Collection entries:

◇ ◇ ◇ ◇ ◇

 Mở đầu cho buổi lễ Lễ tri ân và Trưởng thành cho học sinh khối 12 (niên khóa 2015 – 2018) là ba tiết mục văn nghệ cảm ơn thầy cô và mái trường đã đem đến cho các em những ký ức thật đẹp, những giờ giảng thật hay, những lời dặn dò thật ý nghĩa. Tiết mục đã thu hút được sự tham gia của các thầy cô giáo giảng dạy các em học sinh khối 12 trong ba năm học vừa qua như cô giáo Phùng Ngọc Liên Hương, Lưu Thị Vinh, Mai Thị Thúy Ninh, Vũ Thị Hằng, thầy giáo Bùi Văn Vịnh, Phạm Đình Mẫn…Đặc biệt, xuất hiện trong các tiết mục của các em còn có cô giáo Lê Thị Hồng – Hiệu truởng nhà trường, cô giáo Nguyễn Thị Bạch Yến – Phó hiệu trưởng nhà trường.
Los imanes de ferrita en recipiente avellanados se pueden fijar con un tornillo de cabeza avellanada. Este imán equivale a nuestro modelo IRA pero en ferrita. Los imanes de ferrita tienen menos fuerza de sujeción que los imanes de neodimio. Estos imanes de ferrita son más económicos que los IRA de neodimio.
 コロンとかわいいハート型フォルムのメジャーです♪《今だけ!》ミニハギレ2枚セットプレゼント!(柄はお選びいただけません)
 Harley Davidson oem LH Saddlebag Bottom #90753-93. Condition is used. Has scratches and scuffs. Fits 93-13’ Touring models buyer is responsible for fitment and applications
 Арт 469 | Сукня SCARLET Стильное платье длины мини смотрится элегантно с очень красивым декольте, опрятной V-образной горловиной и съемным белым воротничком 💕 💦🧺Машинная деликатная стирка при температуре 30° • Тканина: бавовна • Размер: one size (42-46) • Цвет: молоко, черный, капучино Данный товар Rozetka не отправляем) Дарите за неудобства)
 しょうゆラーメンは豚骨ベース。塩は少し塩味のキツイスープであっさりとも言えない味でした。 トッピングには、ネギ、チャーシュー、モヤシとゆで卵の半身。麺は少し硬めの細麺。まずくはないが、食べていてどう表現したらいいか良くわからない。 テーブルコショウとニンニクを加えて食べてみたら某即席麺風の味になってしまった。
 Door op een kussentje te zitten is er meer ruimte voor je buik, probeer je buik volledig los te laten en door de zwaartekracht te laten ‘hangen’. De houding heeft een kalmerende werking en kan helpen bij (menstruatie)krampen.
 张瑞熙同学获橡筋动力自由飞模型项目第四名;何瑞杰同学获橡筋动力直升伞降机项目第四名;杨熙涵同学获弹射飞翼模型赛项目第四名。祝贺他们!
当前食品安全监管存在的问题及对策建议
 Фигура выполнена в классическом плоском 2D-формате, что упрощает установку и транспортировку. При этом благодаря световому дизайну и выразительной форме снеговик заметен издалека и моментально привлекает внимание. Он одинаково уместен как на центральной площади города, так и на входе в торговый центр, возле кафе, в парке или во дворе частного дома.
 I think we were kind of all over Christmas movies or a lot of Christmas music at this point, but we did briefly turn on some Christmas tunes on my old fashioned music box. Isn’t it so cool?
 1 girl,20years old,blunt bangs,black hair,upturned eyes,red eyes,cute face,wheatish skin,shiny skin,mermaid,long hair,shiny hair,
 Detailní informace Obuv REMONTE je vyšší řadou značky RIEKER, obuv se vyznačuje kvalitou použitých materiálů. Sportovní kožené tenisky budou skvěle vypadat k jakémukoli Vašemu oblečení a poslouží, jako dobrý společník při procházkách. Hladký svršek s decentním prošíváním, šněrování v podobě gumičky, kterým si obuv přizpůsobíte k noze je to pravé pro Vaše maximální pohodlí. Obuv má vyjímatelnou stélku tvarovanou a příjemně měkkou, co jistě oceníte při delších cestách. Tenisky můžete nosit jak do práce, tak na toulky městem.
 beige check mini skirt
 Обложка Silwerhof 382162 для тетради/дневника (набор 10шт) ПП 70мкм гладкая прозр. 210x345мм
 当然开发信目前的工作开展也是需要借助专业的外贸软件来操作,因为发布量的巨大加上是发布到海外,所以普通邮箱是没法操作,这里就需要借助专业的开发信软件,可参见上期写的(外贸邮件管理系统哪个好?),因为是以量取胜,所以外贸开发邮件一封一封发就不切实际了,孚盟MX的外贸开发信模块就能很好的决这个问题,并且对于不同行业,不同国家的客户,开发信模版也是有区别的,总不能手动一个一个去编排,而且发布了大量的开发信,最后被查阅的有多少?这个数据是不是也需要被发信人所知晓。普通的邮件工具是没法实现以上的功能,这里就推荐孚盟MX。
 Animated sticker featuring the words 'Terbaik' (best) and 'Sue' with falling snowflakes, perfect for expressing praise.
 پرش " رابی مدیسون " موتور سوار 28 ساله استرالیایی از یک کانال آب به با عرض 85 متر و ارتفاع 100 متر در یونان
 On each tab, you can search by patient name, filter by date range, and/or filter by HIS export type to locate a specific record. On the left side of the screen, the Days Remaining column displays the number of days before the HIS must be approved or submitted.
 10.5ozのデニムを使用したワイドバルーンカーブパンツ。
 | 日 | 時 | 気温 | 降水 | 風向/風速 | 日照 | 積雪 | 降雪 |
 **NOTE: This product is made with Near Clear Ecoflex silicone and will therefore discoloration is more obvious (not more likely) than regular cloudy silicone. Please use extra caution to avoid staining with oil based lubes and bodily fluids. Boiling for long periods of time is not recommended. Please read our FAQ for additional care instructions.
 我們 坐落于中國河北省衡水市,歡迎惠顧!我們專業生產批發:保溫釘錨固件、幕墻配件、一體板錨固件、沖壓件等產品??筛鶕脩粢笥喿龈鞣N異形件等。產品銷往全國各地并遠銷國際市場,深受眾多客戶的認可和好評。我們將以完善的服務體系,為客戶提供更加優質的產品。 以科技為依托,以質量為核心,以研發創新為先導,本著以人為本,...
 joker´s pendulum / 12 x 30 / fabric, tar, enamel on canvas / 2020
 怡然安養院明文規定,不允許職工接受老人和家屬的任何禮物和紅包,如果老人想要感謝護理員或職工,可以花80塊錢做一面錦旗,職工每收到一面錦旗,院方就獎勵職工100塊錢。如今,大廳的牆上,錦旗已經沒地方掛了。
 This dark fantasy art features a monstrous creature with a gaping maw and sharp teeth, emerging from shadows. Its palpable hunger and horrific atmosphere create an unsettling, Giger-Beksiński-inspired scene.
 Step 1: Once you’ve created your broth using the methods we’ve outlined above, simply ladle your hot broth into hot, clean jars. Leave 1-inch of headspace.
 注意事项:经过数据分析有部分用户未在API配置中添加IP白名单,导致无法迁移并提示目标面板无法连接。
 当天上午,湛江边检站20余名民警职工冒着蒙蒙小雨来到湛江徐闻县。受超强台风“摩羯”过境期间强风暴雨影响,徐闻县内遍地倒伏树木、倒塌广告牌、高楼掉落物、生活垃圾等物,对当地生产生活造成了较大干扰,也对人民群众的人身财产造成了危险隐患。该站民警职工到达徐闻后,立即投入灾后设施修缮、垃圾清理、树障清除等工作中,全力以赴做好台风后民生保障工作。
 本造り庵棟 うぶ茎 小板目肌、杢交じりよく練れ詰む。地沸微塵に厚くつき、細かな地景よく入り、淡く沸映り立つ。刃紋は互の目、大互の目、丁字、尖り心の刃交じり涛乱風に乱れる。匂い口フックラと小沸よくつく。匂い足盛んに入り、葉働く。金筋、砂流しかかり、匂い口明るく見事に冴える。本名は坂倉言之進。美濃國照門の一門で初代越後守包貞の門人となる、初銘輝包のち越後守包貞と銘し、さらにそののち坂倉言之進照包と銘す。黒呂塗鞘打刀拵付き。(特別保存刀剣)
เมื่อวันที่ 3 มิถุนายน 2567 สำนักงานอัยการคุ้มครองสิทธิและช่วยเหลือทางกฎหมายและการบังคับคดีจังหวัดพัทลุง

◇ ◇ ◇ ◇ ◇

Instructions to follow: Of the entries above, transcribe exactly those lines that fall between the line containing "Door op een" and the line containing "1 girl,20years old,blunt", together with those two lines.

Answer box:
 Door op een kussentje te zitten is er meer ruimte voor je buik, probeer je buik volledig los te laten en door de zwaartekracht te laten ‘hangen’. De houding heeft een kalmerende werking en kan helpen bij (menstruatie)krampen.
 张瑞熙同学获橡筋动力自由飞模型项目第四名;何瑞杰同学获橡筋动力直升伞降机项目第四名;杨熙涵同学获弹射飞翼模型赛项目第四名。祝贺他们!
当前食品安全监管存在的问题及对策建议
 Фигура выполнена в классическом плоском 2D-формате, что упрощает установку и транспортировку. При этом благодаря световому дизайну и выразительной форме снеговик заметен издалека и моментально привлекает внимание. Он одинаково уместен как на центральной площади города, так и на входе в торговый центр, возле кафе, в парке или во дворе частного дома.
 I think we were kind of all over Christmas movies or a lot of Christmas music at this point, but we did briefly turn on some Christmas tunes on my old fashioned music box. Isn’t it so cool?
 1 girl,20years old,blunt bangs,black hair,upturned eyes,red eyes,cute face,wheatish skin,shiny skin,mermaid,long hair,shiny hair,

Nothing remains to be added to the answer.